Problem requirements: Among the lines below, output only those between the line holding "邢臺天梯山系國家AAAA級景" and the line holding "Camisa vintage victoriana", inclusive, exactly as written and with no pictures.

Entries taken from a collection

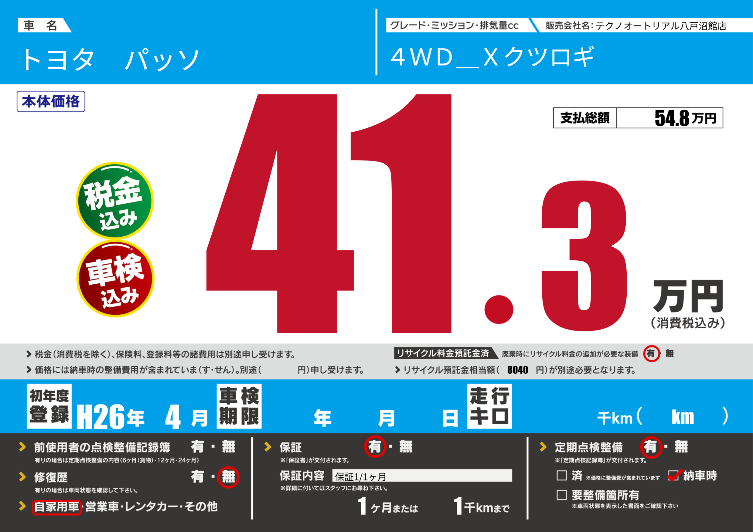 | 車名 | トヨタ パッソ | グレード ミッション 排気量 |
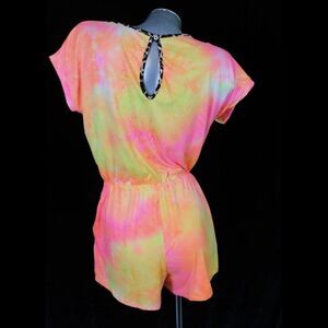 WHITE BIRCH LEISURE ROMPER TIE DYE LEOPARD TRIM SIZE MEDIUM NWOT
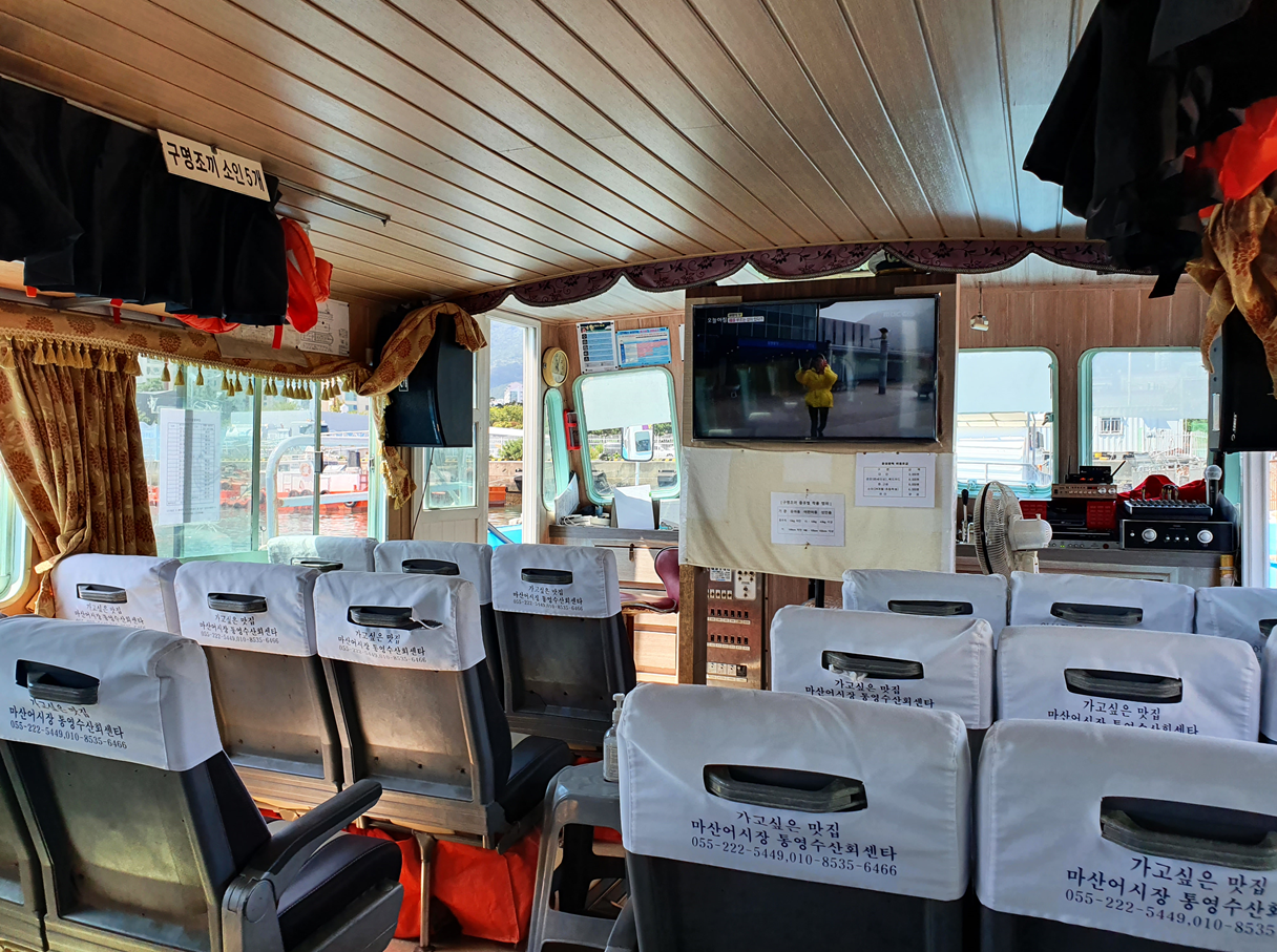 배의 앞쪽은 등받이 의자들이 준비되어 있고 뒤편은 서있는 공간과 함께 걸터앉을 수 있는 공간이 있습니다.
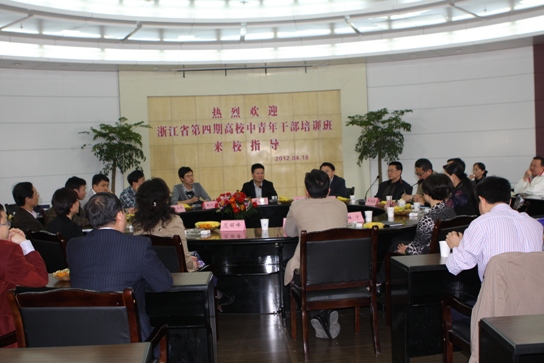 4月18日,浙江省第四期高校中青年干部培训班学员一行50余人在培训班班长、浙江大学党委宣传部部长沈文华,培训班班主任赵仁豪的带领下来我校调研指导工作。校党委副书记周家健出席,党院办、宣传部、招就处、学生处等部门负责人参加会议。
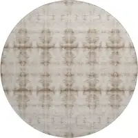 8' Gold And Charcoal Southwestern Washable Round Rug With UV Protection
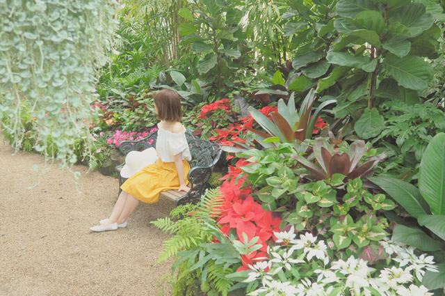 お天気が悪かったらどうしようと、雨の日でもOKなフォトスポットを探していて見つけたのがこのFitzroy GardensにあるThe Conservatoryという植物園。その名の通り温室なので、あまり長くいるのはおすすめできないけれど、お花や緑など植物に囲まれてリラックスできました。
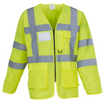 YOKO high visibility executive vest is a success. This long sleeved version is also manufactured from top quality high visibility components following the request of many customers who need the full class 3 motorway specification and also need a smart, light and flexible comfortable fit of the waistcoat fabric.
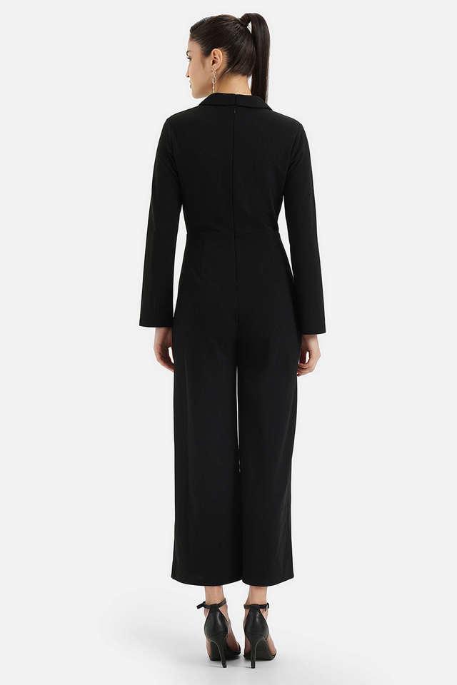 Buy Front Overlap Detail Jumpsuit With Belt At Waist 120704BLACKXS
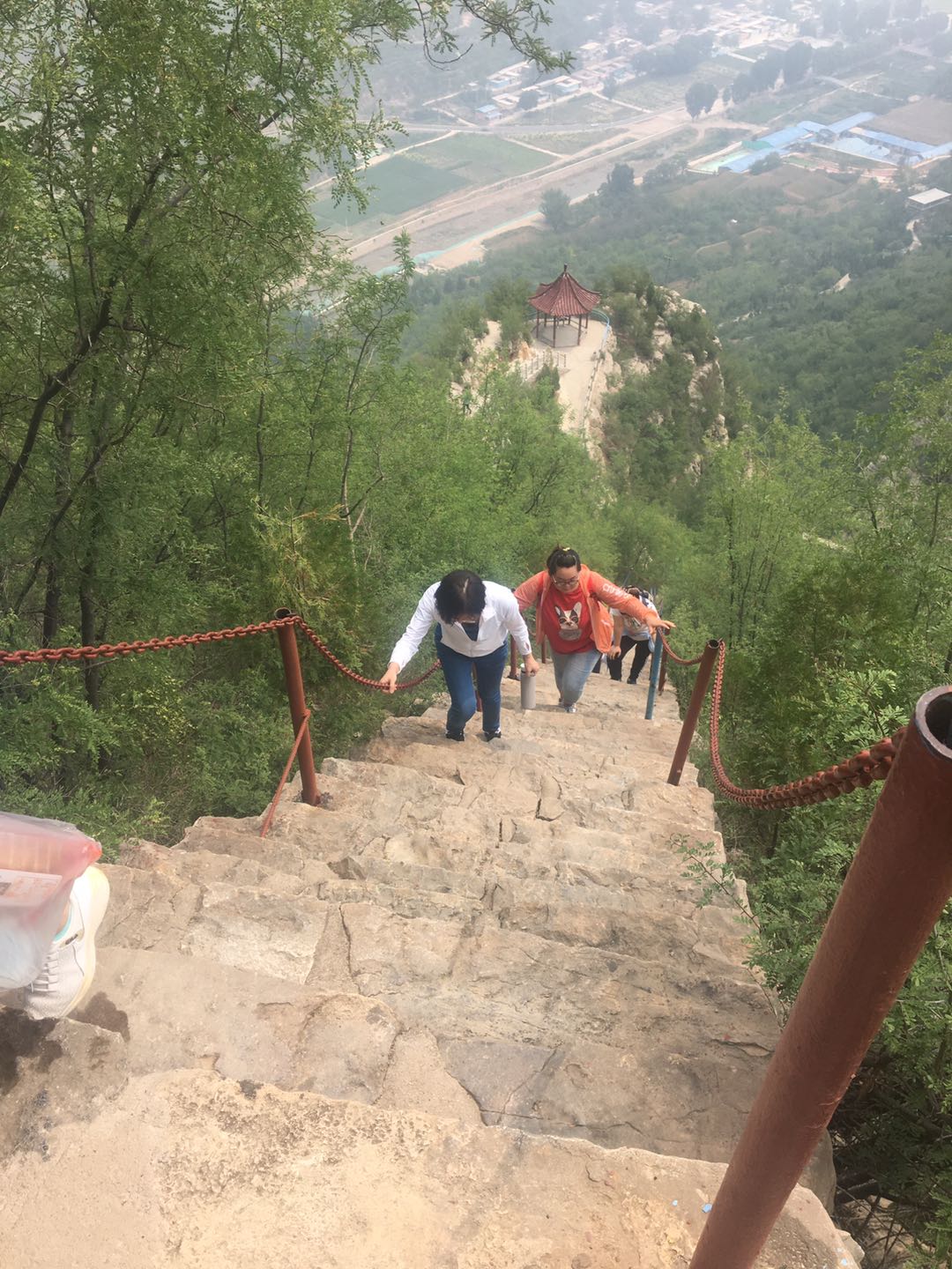 邢臺天梯山系國家AAAA級景區。山勢突兀,雄會險峻,千余級石階之上云霄。下車后,我們首先登船進金水洞,洞里非常涼爽,在船上聽著當地人的介紹,伴著著小船緩緩前進,不多時就登岸正式進入洞內。洞內有很多溶石,有的地方特別狹小,一個人要躬著身才能過去,大約行走半小時出洞后直接到了半山腰,然后開始登山。
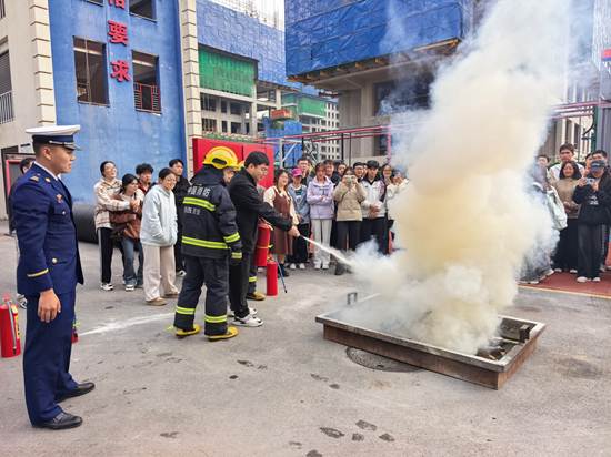 此外,现场还进行了实用绳结教学,李伟华手把手指导学生学习单结、双结、八字结等编织技巧,并详细讲解不同绳结在救援、逃生场景中的应用方法,让大家掌握了多项应急自救技能。灭火器实操环节,在消防官兵的专业指导下,学生们严格遵循“提、拔、握、压”的操作步骤,亲身参与灭火演练,掌握了小型火灾的扑救方法及灭火器使用要点,进一步夯实了消防安全技能基础。
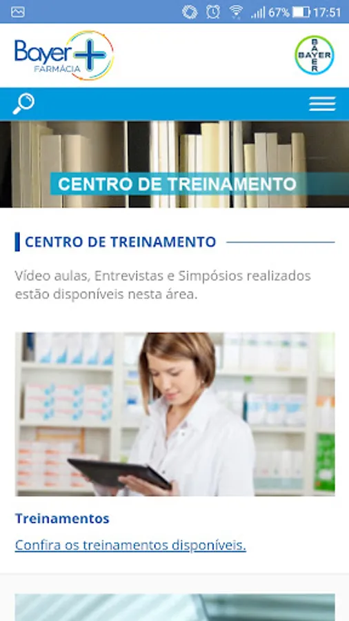O aplicativo Bayer Mais Farmácia é um canal de informação para profissionais que atuam em farmácias e drogarias. Proporcionando um relacionamento dinâmico e interativo, visa o aprimoramento profissional por meio de conteúdo qualificado com a credibilidade da Bayer.
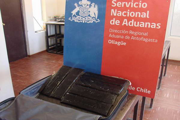 La droga la transportaba el chileno M.R.A., de 49 años, quien viajaba desde Bolivia. El sospechoso portaba una maleta cuyo peso llamó la atención de los funcionarios de la Unidad de Drogas de la Aduana Regional de Antofagasta.
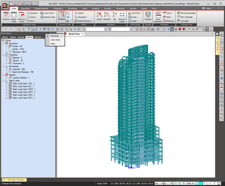 Tree Menu와 Task Pane, Message Window는 midas Gen 윈도우에서 어디든 위치시킬 수 있습니다. 또한 'Auto Hide'와 'Hide'를 클릭하여 보이게 하거나 숨길 수 있습니다.
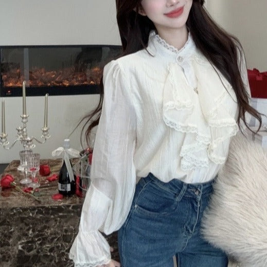 Camisa vintage victoriana ligera estilo academia con mangas acampanadas y volantes en la parte delantera.
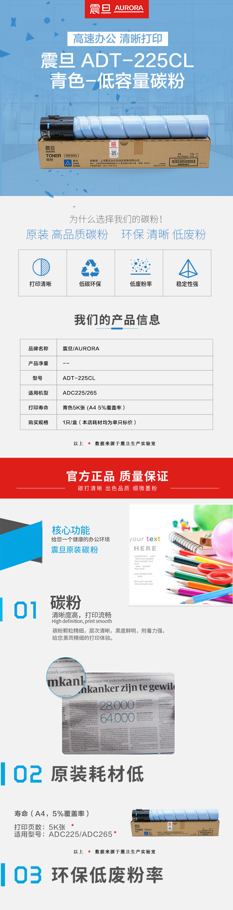 商品标题:震旦ADT-225CL碳粉低容量青色适用于ADC225/265(支)
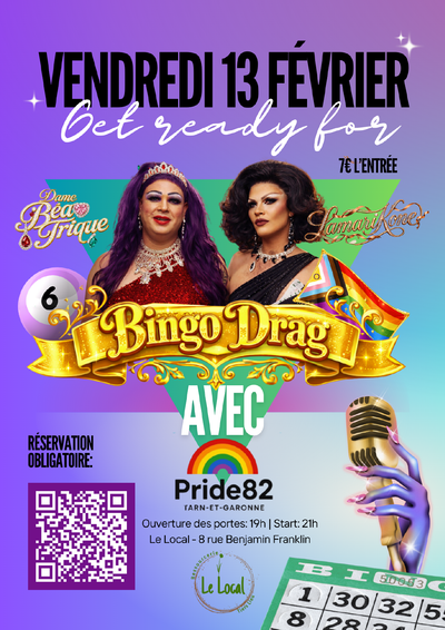 À propos de l'événement🎤 BINGO DRAGUne soirée bingo pas comme les autres, rythmée par plusieurs shows drag, de l’humour, du glamour et une ambiance survoltée. Prends ta place, révise ton “BINGO” et laisse les queens faire le reste.👠
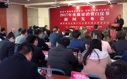 2018年3月10日,由《中国质量万里行》杂志社、中国质量万里行投诉平台主办的“2017年度质量消费白皮书新闻发布会暨百家企业履行社会责任倡议承诺活动”在北京举行。国家质检总局执法督查司司长严冯敏,中国质检报刊社社长谷旭,中国法学会消法研究会会长河山,中消协原副秘书长武高汉,中国质检报刊社副社长兼副总编辑李本军,国家日用电器质量监督检验中心副主任刘国荣,《中国质量万里行》杂志社社长汪鹤林、副社长王黎明等出席发布会。绿之韵集团总裁助理蒋文代表集团公司受邀参会。
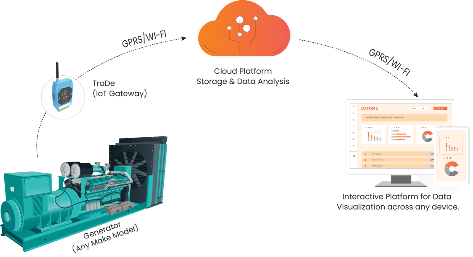 The sensors communicate with our gateway device TraDe, which captures the readings acquired by the sensors and transmits them to our IoT platform-DATOMS. These data are monitored continuously in real-time and can be viewed anywhere-anytime through user interactive web and mobile applications.
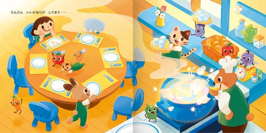 【おもいでレストラン】ある日、ねこちゃんを助けた主人公は、感謝のしるしに「おもいでレストラン」に招待されます。そこには楽しい気持ちが料理の材料になる魔法のおなべがあって……!? お子様と一緒に思い出を振り返りながら楽しめる一冊です。
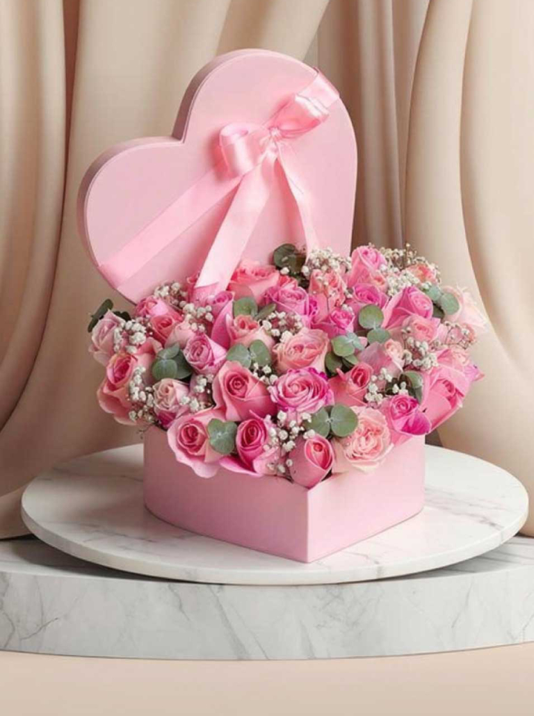 Diseño floral de autor en caja, de estética romántica y delicada, compuesto por rosas en tonos rosado suave y rosado intenso que crean una composición armónica, elegante y profundamente femenina. Una pieza que evoca ternura, amor y sofisticación, ideal para expresar sentimientos desde la sutileza y la belleza.
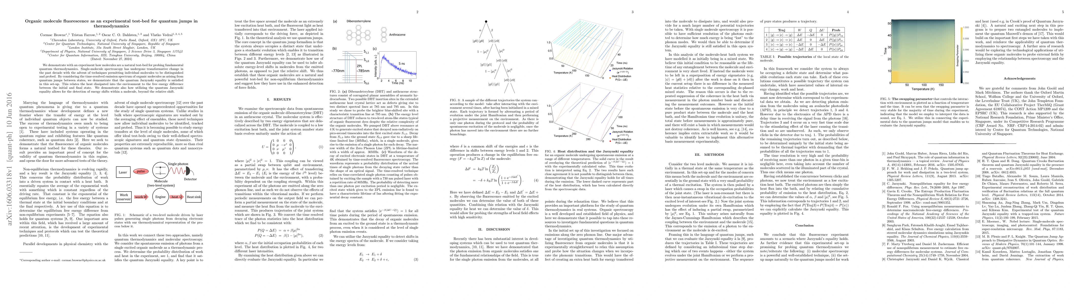 We demonstrate with an experiment how molecules are a natural test-bed for probing fundamental quantum thermodynamics. Single-molecule spectroscopy has undergone transformative change in the past decade with the advent of techniques permitting individual molecules to be distinguished and probed. By considering the time-resolved emission spectrum of organic molecules as arising from quantum jumps between states, we demonstrate that the quantum Jarzynski equality is satisfied in this set-up. This relates the heat dissipated into the environment to the free energy difference between the initial and final state. We demonstrate also how utilizing the quantum Jarzynski equality allows for the detection of energy shifts within a molecule, beyond the relative shift.

Response:
 邢臺天梯山系國家AAAA級景區。山勢突兀,雄會險峻,千余級石階之上云霄。下車后,我們首先登船進金水洞,洞里非常涼爽,在船上聽著當地人的介紹,伴著著小船緩緩前進,不多時就登岸正式進入洞內。洞內有很多溶石,有的地方特別狹小,一個人要躬著身才能過去,大約行走半小時出洞后直接到了半山腰,然后開始登山。
 此外,现场还进行了实用绳结教学,李伟华手把手指导学生学习单结、双结、八字结等编织技巧,并详细讲解不同绳结在救援、逃生场景中的应用方法,让大家掌握了多项应急自救技能。灭火器实操环节,在消防官兵的专业指导下,学生们严格遵循“提、拔、握、压”的操作步骤,亲身参与灭火演练,掌握了小型火灾的扑救方法及灭火器使用要点,进一步夯实了消防安全技能基础。
O aplicativo Bayer Mais Farmácia é um canal de informação para profissionais que atuam em farmácias e drogarias. Proporcionando um relacionamento dinâmico e interativo, visa o aprimoramento profissional por meio de conteúdo qualificado com a credibilidade da Bayer.
 La droga la transportaba el chileno M.R.A., de 49 años, quien viajaba desde Bolivia. El sospechoso portaba una maleta cuyo peso llamó la atención de los funcionarios de la Unidad de Drogas de la Aduana Regional de Antofagasta.
 Tree Menu와 Task Pane, Message Window는 midas Gen 윈도우에서 어디든 위치시킬 수 있습니다. 또한 'Auto Hide'와 'Hide'를 클릭하여 보이게 하거나 숨길 수 있습니다.
 Camisa vintage victoriana ligera estilo academia con mangas acampanadas y volantes en la parte delantera.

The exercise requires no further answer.